# compiling dovecot fails with poudriere



## Vladimir Siman (Sep 2, 2018)

Hello all,

may I kindly ask for help ? My mail/dovecot fails to compile due to missing libmysqlclient, but I do not understand why. Do you have an idea how this can be fixed ? Did I forget or overlooked something somewhere ?
The port compiled well in the past...
Options for dovecot as well as the poudriere build log is attached.

Thanks a lot.
Vladimir


----------



## rigoletto@ (Sep 2, 2018)

Many OPTIONS you have set actually does not exist in the PORT. How did you get those, you invented them? 

So, we cannot even try to reproduce.


----------



## SirDice (Sep 3, 2018)

Your options are old, dovecot2 was renamed to dovecot some time last year.

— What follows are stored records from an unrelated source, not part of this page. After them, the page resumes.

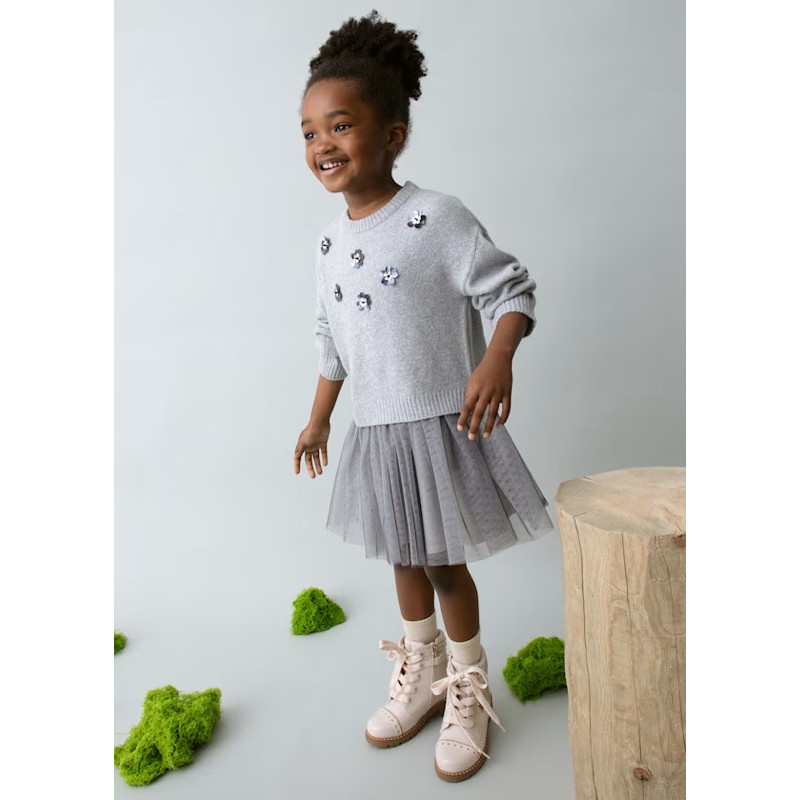 VESTIDO sin mangas que lleva sobrepuesto un jersey de punto en color plata con apliques.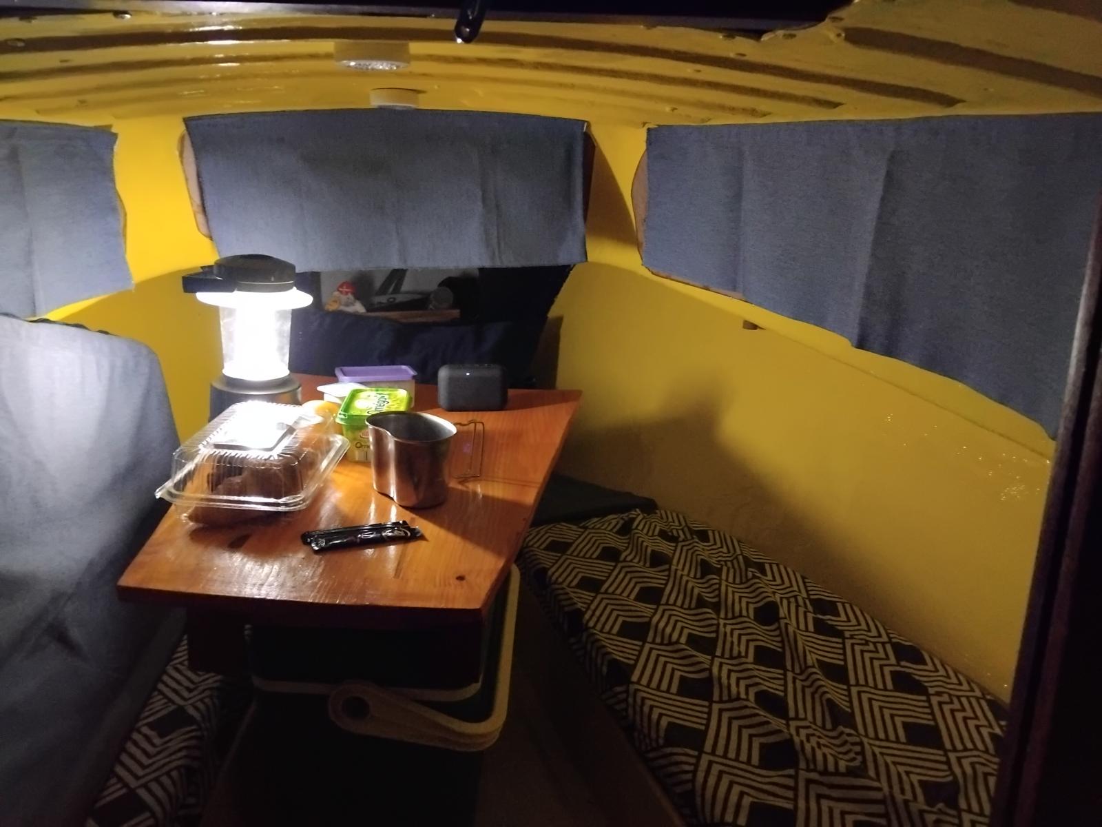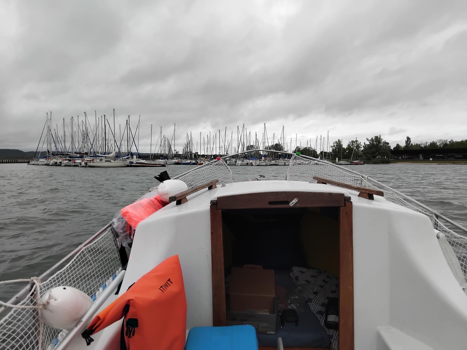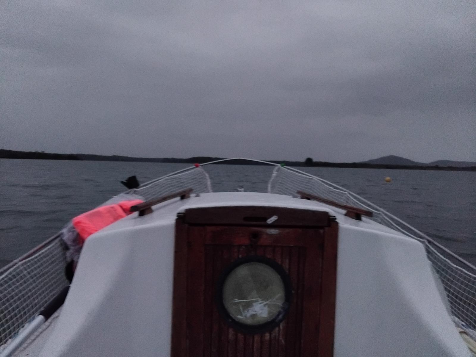 Çà y est, le bateau est à l'eau, au port. La peinture est sèche, le cockpit est briqué, les batteries chargées, la cabine rangée, la glacière remplie. En avant, vers l'infini et au delà! Bon, pour le moment, on va se contenter d'une petite sortie en début de soirée, histoire de tester la nouvelle batterie.  Le moteur de 65lbs fait le travail (il faudra que je récupère la montre gps de mon épouse pour connaître ma vitesse exacte), je me promène entre le port, le déversoir et l'île du bois Gérard. La nuit arrive, il est largement temps de rentrer au port. J'appréhende un peu la manœuvre d'accostage, nouveau bateau, nouveau port, pas l'habitude... Heureusement, malgré une très légère prise au vent, la manœuvre se passe sans problème, tout doux, tranquillement, en finesse. La batterie qui affichait 13v au départ affiche 12,8 après 30min de navigation à fond (à fond, c'est relatif...  )  Il est l'heure maintenant de tester la cabine. J'ai stocké la nourriture dans une glacière qui fait également office de support à la table. L'heure du repas, j'avais prévu des sardines à l'huile, et du riz (que j'ai fait cuire chez moi, ainsi que le poisson, du lieu noir). Le tout arrosé d'un Sancère. Un petit réchaud à gaz fait parfaitement l'affaire pour réchauffer la tambouille.  Après le repas, il faut un peu se contorsionner pour sortir la glacière et installer le plateau de la table en mode support de coussin. Il est installé entre les deux couchettes avec un coussin de la même épaisseur que celles-ci, ce qui fait un lit tout à fait correct. Le petit plafonnier fournis assez de lumière pour lire ("Histoire de traverser" de Bruno Sananès, l'auteur à traversé la France sur ses canaux sur un bateau de 4m). Ceci dit, il faudra que je rajoute 2 ou 3 plafonniers (sans que ce soit Versailles, mais j'aime voir clair et attirer les petits insectes volants nocturnes) Pour les commodités, au cas ou, on en revient au bon vieux système du pot de chambre   Après une bonne nuit de sept heures, bercé par le lac et les drisses des voiliers, il est l'heure du petit déjeuner. Je replie le sac de couchage qui fait un excellent dossier, je réinstalle la glacière dans la cabine qui sert de nouveau de support de plateau de table, on ressort le réchaud, le café chauffe, le pain au chocolat est fidèle au poste   Une petite vaisselle et hop, on repart sur l'eau. Je repars dans le même secteur que la veille. Je me laisse le temps de découvrir le lac. Je croise deux pêcheur et un windfoil qui profite des rafales à 20 nœuds pour se faire plaisir. Vie de famille oblige, il est déjà l'heure de rentrer. L'accostage se fait sans problème, on range le bateau et on attend avec impatience une prochaine sortie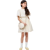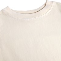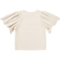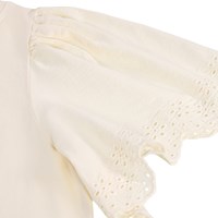 Beiges T-Shirt aus weicher Öko-Baumwolle mit geripptem Halsausschnitt. Das T-Shirt hat eine lockere Passform und große Ärmel mit Broderie Anglaise, die sich wunderschön im robusten Baumwollstoff drapieren.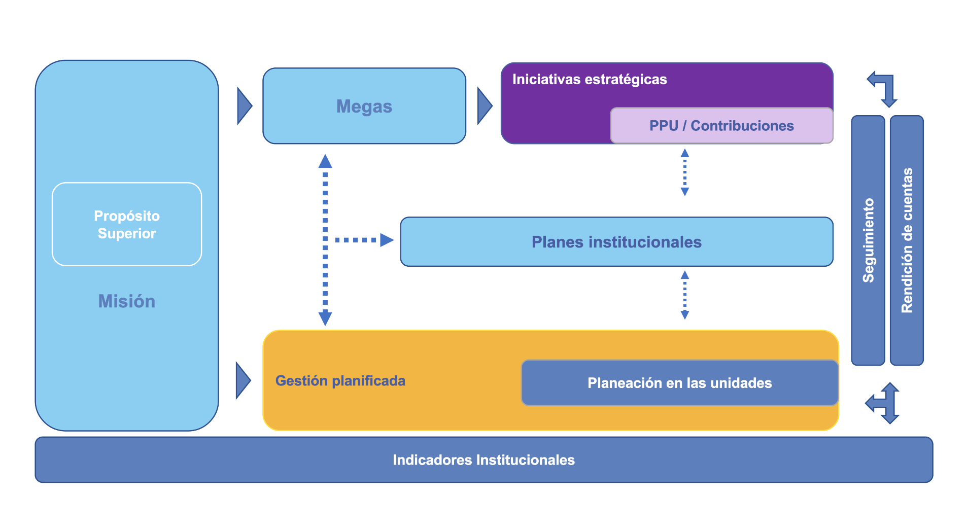 Son un conjunto de acciones planificadas y dirigidas que la universidad, de manera conjunta o en cada sede, implementa para alcanzar las Megas durante el ciclo de planeación. Estas iniciativas están diseñadas para impulsar el crecimiento, la innovación y la transformación dentro de la institución, y pueden desarrollarse a través de PPU y Contribuciones.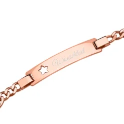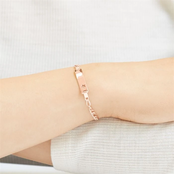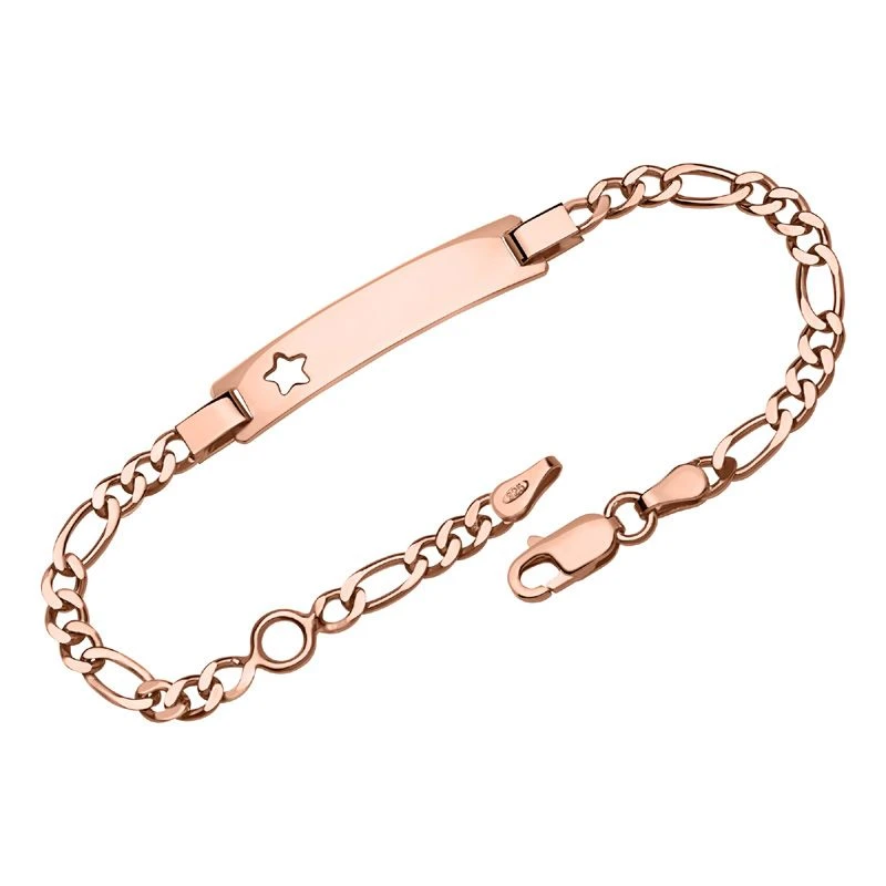 Jolie gourmette en maille figaro en argent 925 poli de couleur rosĂ©e avec une petite Ă©toile ajourĂ©e sur la plaque rectangulaire. Le bracelet se ferme Ă l’aide d’un mousqueton classique et est disponible en diffĂ©rentes longueurs. L’anneau intermĂ©diaire permet de raccourcir la longueur du bracelet d’environ 2-3 cm. Profitez de la première gravure diamant gratuite avec un nom, une date, ou encore un symbole. C’est parfait comme cadeau Ă offrir ou pour se faire plaisir.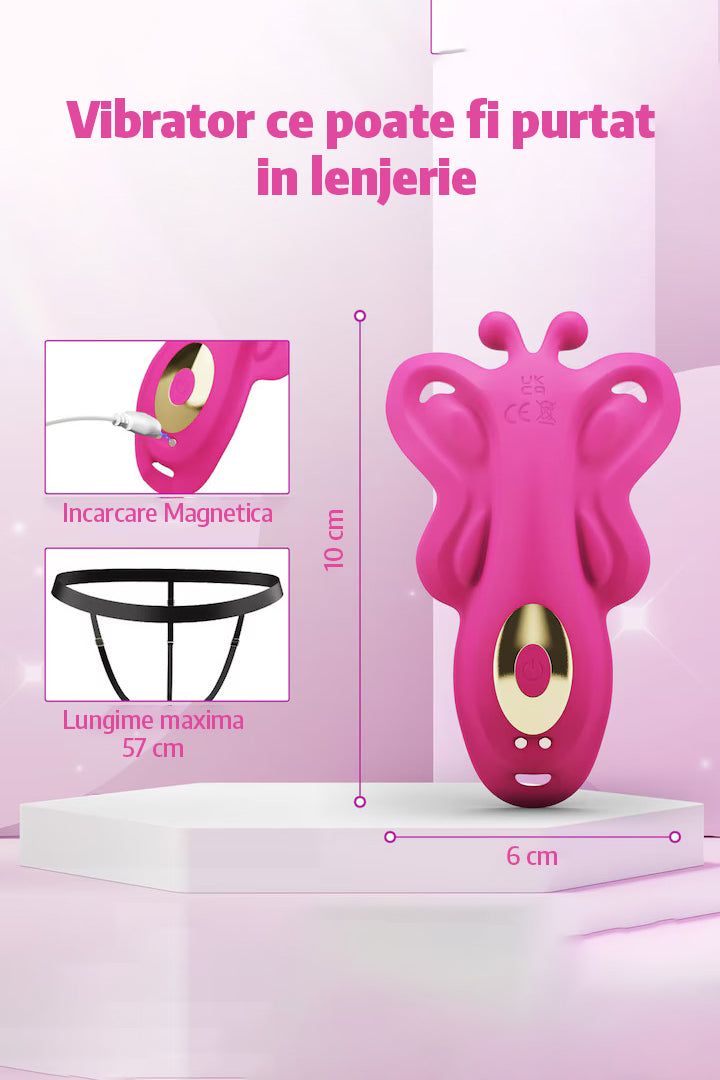 • Mini vibrator tip fluture – conceput pentru a fi purtat discret în lenjerie, oferindu-ți plăcere oriunde te afli.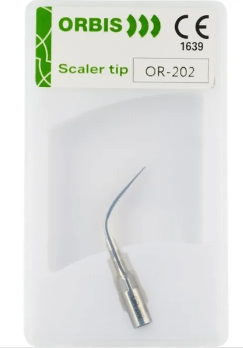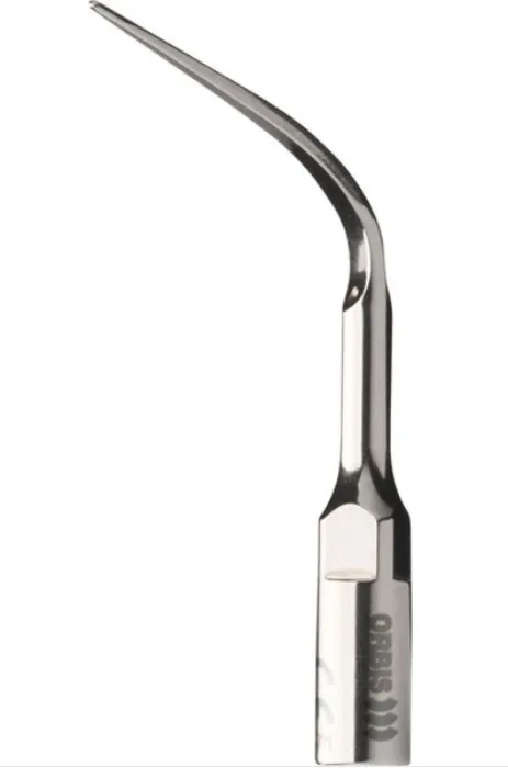 Perio. OR-60 je dlouhý, rovný hrot se zaoblenými povrchy, který se používá k jemnému čištění kapes během parodontologického ošetření. Používá se ve frontální oblasti, je účinný na hladkých površích a k čištění kapes do hloubky 9 mm.

https://svnweb.freebsd.org/ports?view=revision&revision=447519


----------



## Vladimir Siman (Sep 4, 2018)

Oops.  Ok, so I created the up-to-date options for that, but it didn't help. The output is attached.
Btw. I am using mariadb with:

```
DEFAULT_VERSIONS= mysql=10.0m
```
in my /usr/local/etc/poudriere.d/make.conf


----------



## SirDice (Sep 4, 2018)

Did you recently change the default MySQL? Have you tried doing a clean run? I've had issues before when I was trying a lot of different defaults, at some point things get entangled too much and you need to do a clean build run in order to get everything in line again.


----------



## Vladimir Siman (Sep 4, 2018)

I changed that a long time ago and then it worked, until now. 
How to run a completely clean build ?


----------



## SirDice (Sep 4, 2018)

Vladimir Siman said:


> How to run a completely clean build ?


`poudriere bulk -c {...}`


```
-c           Clean all previously built packages and logs.
```
From poudriere-bulk(8).

Normally Poudriere uses an incremental built, packages that have been previously built will get used to build new things. But sometimes this messes up and the only way to solve it is to start with a fresh build.


----------



## Vladimir Siman (Sep 4, 2018)

Thanks ! So in my case:
poudriere bulk -p HEAD -j "freebsd_11-2x64" -c -a

Now I am waiting the result.


----------



## SirDice (Sep 4, 2018)

Instead of building _everything_ I would recommend making a list of packages you actually need and only build those. It's not very useful to build all 34000+ packages (including various flavors of them) if you're only going to use Apache and a few other packages for example.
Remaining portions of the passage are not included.